### Task instructions
Starting with the first line below, extract each line through the one that contains "The longest zipline", inclusive, excluding pictures.

### Data section
_ _ _ _ _

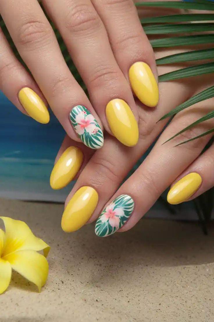 Glossy yellow nails are balanced with soft white accent nails featuring tropical flowers and leaf details. The style is clean, fresh, and effortlessly summery.
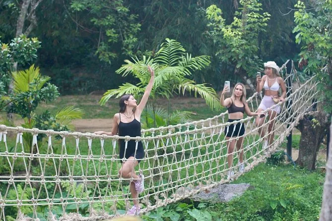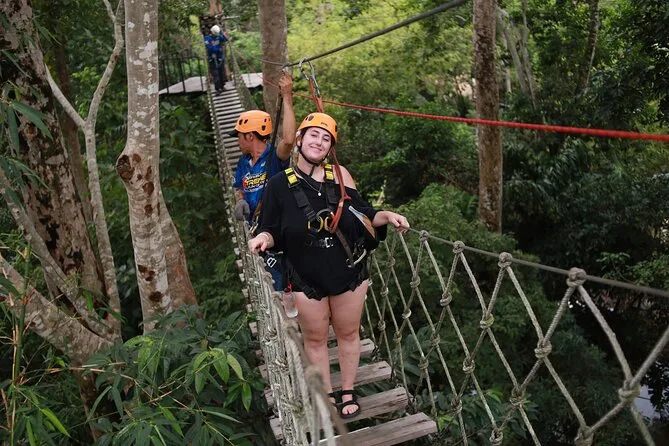 The longest zipline was wild — 300 meters felt longer when you’re up there. I tried to spot the sea between the trees but mostly saw flashes of bright flowers and a couple of monkeys watching us (or maybe judging). The sky bridges bounced under our feet, which made my knees wobble more than I’d admit. There were families with kids on the easier program too; everyone seemed to find their own pace. Lek kept checking if we were okay, cracking jokes about “Thai coffee making you brave.”
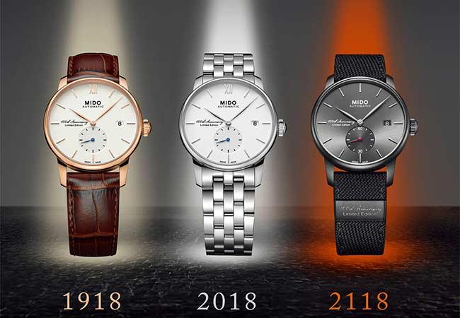 創立於1918年的Mido 瑞士美度表於台北盛大舉辦「築.跡 百年時間展」上市活動,歡慶品牌迎向100週年,以「過去、現在、未來」為主題概念,展出多款別具歷史意義的古董腕錶,以及2018全新經典系列錶款。回顧歷史之餘,也藉由100週年慶典的契機展望未來,擘畫未來的藍圖,透過不同時代的腕錶設計,窺見每個時代的生活風貌。Mido 瑞士美度表全球總裁Franz Linder特地來台共相盛舉,與Swatch Group斯沃琪集團台灣分公司總經理李佩倩、Mido 瑞士美度表台灣品牌副總藍楷茗以及國民男神鄭元暢,一同歡慶美度表燦爛的百年時光。推出全新多款Baroncelli Big Date永恆系列大日期窗腕錶,配備獨有大日曆視窗功能結合Caliber 80超長動力儲存,專為瑞士美度表100週年誕辰而生,紀念瑞士美度表這百年一遇,繼往開來的「大日子 Big Date」;以及Baroncelli Trilogy永恆系列三部曲限量錶,精準呈現1918年和2018年的設計意象,及對未來2118年的展望與期許。

_ _ _ _ _

### Exercise output
 Glossy yellow nails are balanced with soft white accent nails featuring tropical flowers and leaf details. The style is clean, fresh, and effortlessly summery.
 The longest zipline was wild — 300 meters felt longer when you’re up there. I tried to spot the sea between the trees but mostly saw flashes of bright flowers and a couple of monkeys watching us (or maybe judging). The sky bridges bounced under our feet, which made my knees wobble more than I’d admit. There were families with kids on the easier program too; everyone seemed to find their own pace. Lek kept checking if we were okay, cracking jokes about “Thai coffee making you brave.”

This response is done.